## Activity
Could you reproduce all the entries under this sentence exactly, leaving the images aside?

## Listed records
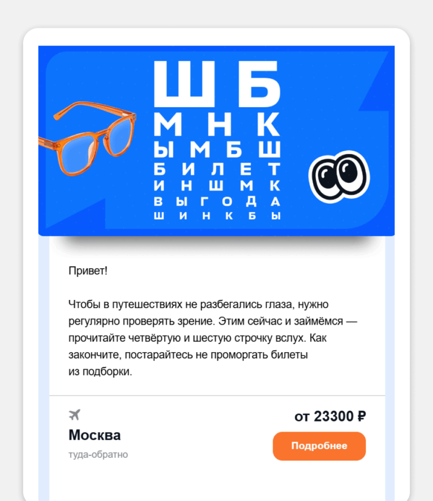 Что можно позаимствовать. Авиасейлс делает рассылку сразу в нескольких форматах, среди них: дайджест с полезными статьями о туризме, ответы на вопросы читателей, подборки недорогих билетов. Так контент работает на разные этапы воронки: от вовлечения до прямой продажи. Благодаря шутливому tone of voice и яркому дизайну письма лучше запоминаются, а еще каждую рассылку можно оценить с помощью эмодзи. Так появляется взаимодействие с аудиторией.
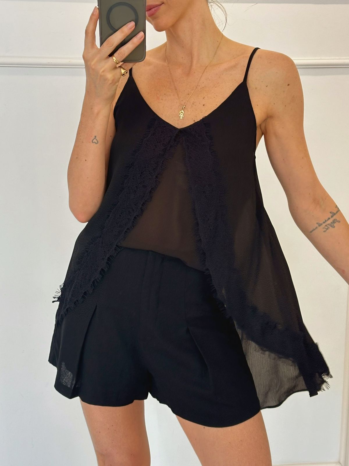 Decote em V com alças finas, garantindo um toque feminino e elegante
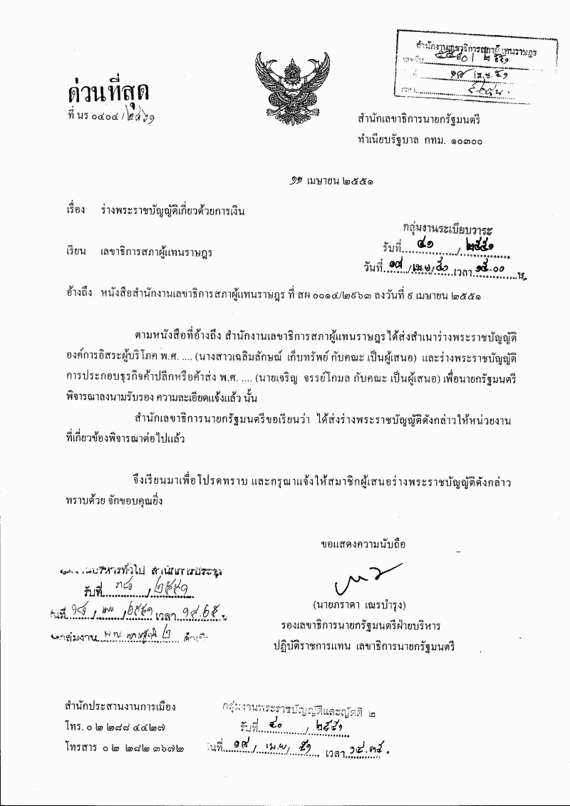 ร่างพระราชบัญญัติองค์การอิสระผู้บริโภค พ.ศ. .... (นางสาวเฉลิมลักษณ์ เก็บทรัพย์ กับคณะ เป็นผู้เสนอ) และร่างพระราชบัญญัติการประกอบธุรกิจค้าปลีกหรือค้าส่ง พ.ศ. .... (นายเจริญ จรรย์โกมล กับคณะ เป็นผู้เสนอ) |
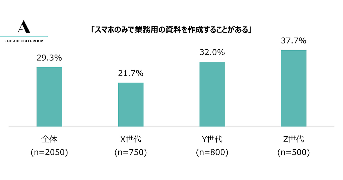 Z世代の約4割が「スマホのみで業務用の資料を作成する」と回答。Y世代・X世代の働き方と比較【アデコ調べ】
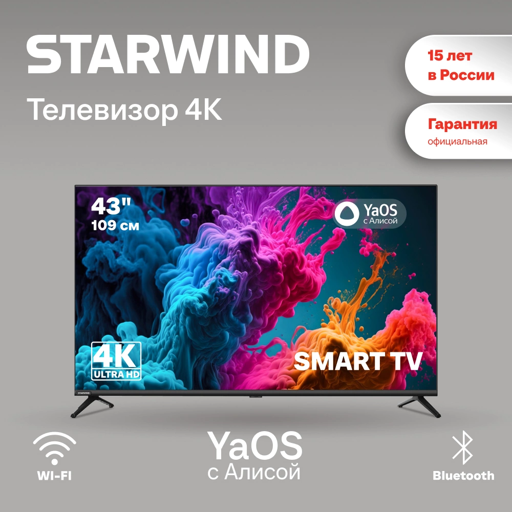 Телевизор LED Starwind 43" SW-LED43UG405 Яндекс.ТВ Frameless черный 4K Ultra HD 60Hz DVB-T DVB-T2 DVB-C DVB-S DVB-S2 USB WiFi Smart TV
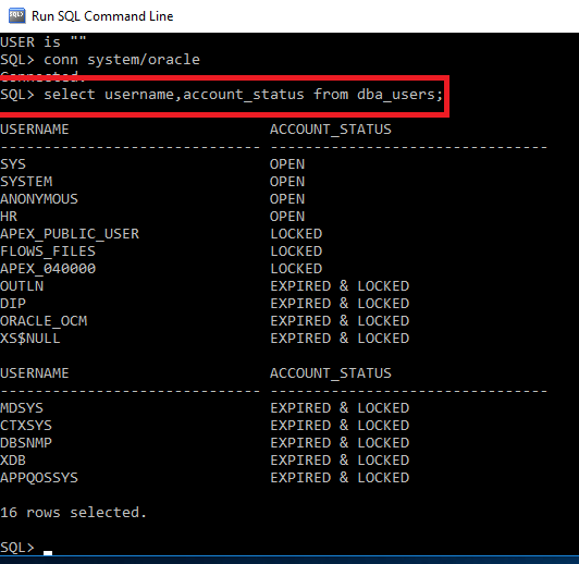 Now to list out the number of usernames available by default inside our database we type the following below code in the SQL command line and find the list and its account status.

## Output of the task
 Что можно позаимствовать. Авиасейлс делает рассылку сразу в нескольких форматах, среди них: дайджест с полезными статьями о туризме, ответы на вопросы читателей, подборки недорогих билетов. Так контент работает на разные этапы воронки: от вовлечения до прямой продажи. Благодаря шутливому tone of voice и яркому дизайну письма лучше запоминаются, а еще каждую рассылку можно оценить с помощью эмодзи. Так появляется взаимодействие с аудиторией.
 Decote em V com alças finas, garantindo um toque feminino e elegante
 ร่างพระราชบัญญัติองค์การอิสระผู้บริโภค พ.ศ. .... (นางสาวเฉลิมลักษณ์ เก็บทรัพย์ กับคณะ เป็นผู้เสนอ) และร่างพระราชบัญญัติการประกอบธุรกิจค้าปลีกหรือค้าส่ง พ.ศ. .... (นายเจริญ จรรย์โกมล กับคณะ เป็นผู้เสนอ) |
 Z世代の約4割が「スマホのみで業務用の資料を作成する」と回答。Y世代・X世代の働き方と比較【アデコ調べ】
 Телевизор LED Starwind 43" SW-LED43UG405 Яндекс.ТВ Frameless черный 4K Ultra HD 60Hz DVB-T DVB-T2 DVB-C DVB-S DVB-S2 USB WiFi Smart TV
 Now to list out the number of usernames available by default inside our database we type the following below code in the SQL command line and find the list and its account status.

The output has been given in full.